Analytics, statistics, data science, artificial intelligence. What does all this mean? What are we doing in data science in healthcare, specifically in revenue cycle management concerning financial data for healthcare?
First, what is data science? This is a way of categorizing or grouping a whole bunch of things related to big data computer science, which is writing software effectively, algorithms, applications, statistics, analytics, and many other things. So it’s this all-encompassing umbrella term that’s been developed to group all these things because there wasn’t this cohesive, unifying way of saying that until relatively recently. This article was initially available on our podcast. Click here to listen.
What is Analytics in Data Science in Healthcare?
Analytics is a sub-discipline of data science in healthcare. It’s the area that we’re most focused on, although I’ll come back to that in a second. What’s the difference between analytics and statistics? One definition I’ve heard is that analytics is all about finding good questions while statistics is about finding good answers. You’ve heard us talk a lot about coming up with questions and making sure the questions are well structured so that you can ultimately get good answers. But I’m not sure I fully agree with this definition, although I understand what they’re saying.
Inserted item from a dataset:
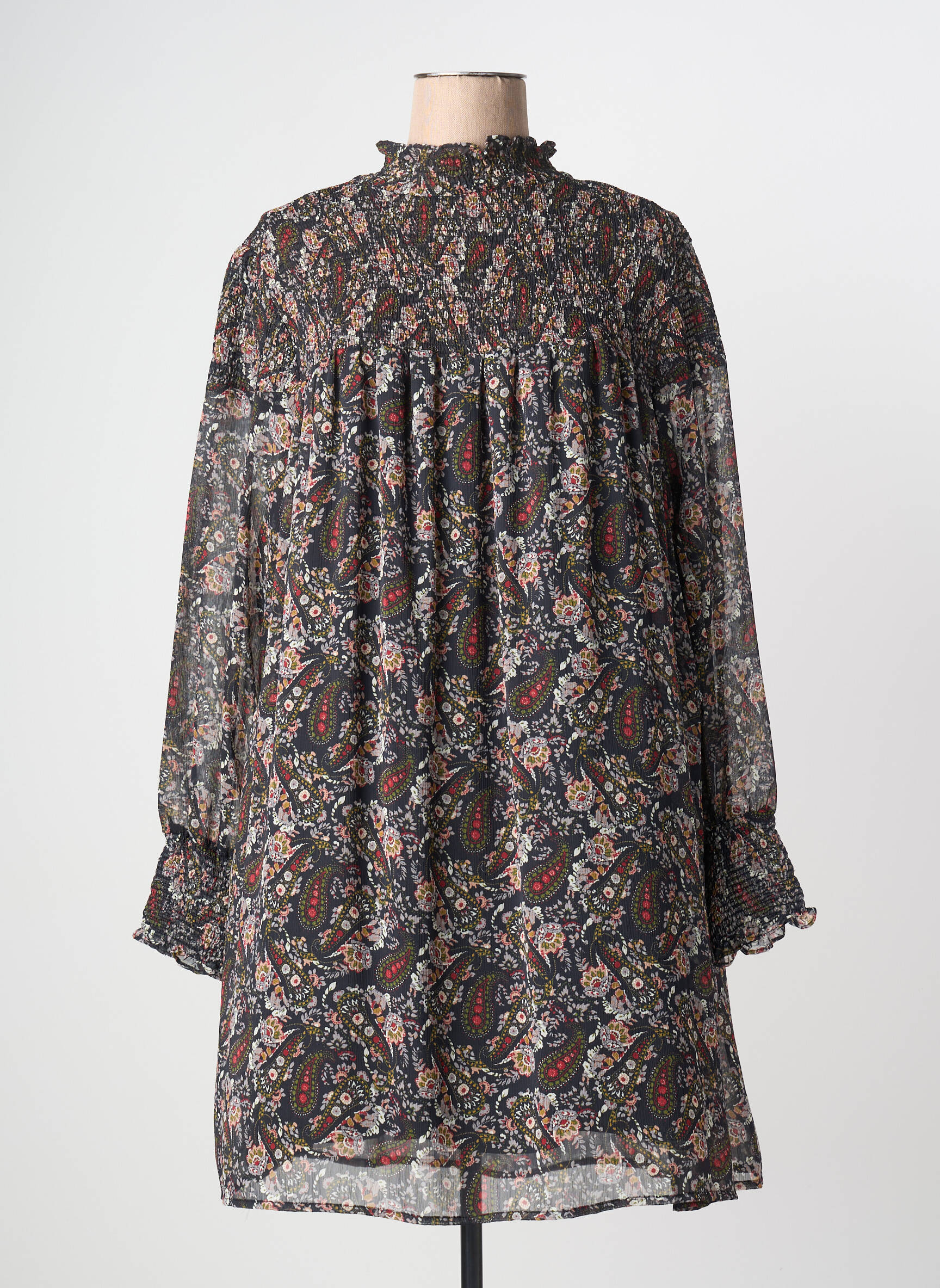 Pour un look quotidien plein de style, tu peux porter cette robe avec une paire de bottines en cuir et une veste en jean légèrement oversize. Pour un esprit plus habillé, elle se marie parfaitement avec des collants opaques et un manteau long uni, accompagnés d’accessoires dorés pour souligner ses motifs. Son allure légère s’accorde aussi avec des sandales et un petit sac bandoulière pour les beaux jours, idéale pour composer des tenues variées selon tes envies.

Analytics is concerned with what’s in your data, again, by one definition. Statistics is beyond your data. There’s certainly something to this where statistics, for example, may tell you what you believe about an entire population from a sample because you don’t have data on the whole sample.
An example
Think about an upcoming election. You want to know how people are going to vote. You’re not going to poll 100 million people and get answers from all of them. That would be all of the data, and we could then analyze that data. Or you could take a small subset of that and project from that into the larger population using statistical methods.
I get that definition. There’s certainly something to that. As an organization at Apache Health, we are primarily concerned with analytics; in my opinion, although we do some statistics, we do some machine learning, and we do some other stuff as well. We write software, so that means computer science and more.
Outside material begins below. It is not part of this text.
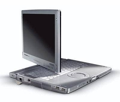 Another recent Toughbook addition is Panasonic's C1, which will be available in June. According to Panasonic, the C1, which it debuted at the Healthcare Information and Management Systems Society (HIMSS) conference in March, is the lightest 12.1" convertible tablet PC on the market and is good for deployments in health care, field services, sales and education. Of note its its triple hinge design -- the third hinge being what allows the screen to rotate into "tablet mode."

What is AI in Data Science in Healthcare?
What’s artificial intelligence in data science in healthcare, aside from being a movie and the subject of many apocalyptic things like the Terminator Skynet? Artificial intelligence is anything where a machine emulates a human process that involves something we would do intellectually with our mind, involves our minds, not just something physical. So it’s not a robot. That means artificial intelligence is doing something “intelligent.”
Google’s search engine is considered a form of artificial intelligence (or AI). I’m not knocking Google’s search algorithm; There’s something to that. There are many billions of dollars, perhaps even close to a trillion dollars in value. So it is undoubtedly valuable. But it’s not what most people would think of as excellent, sexy AI.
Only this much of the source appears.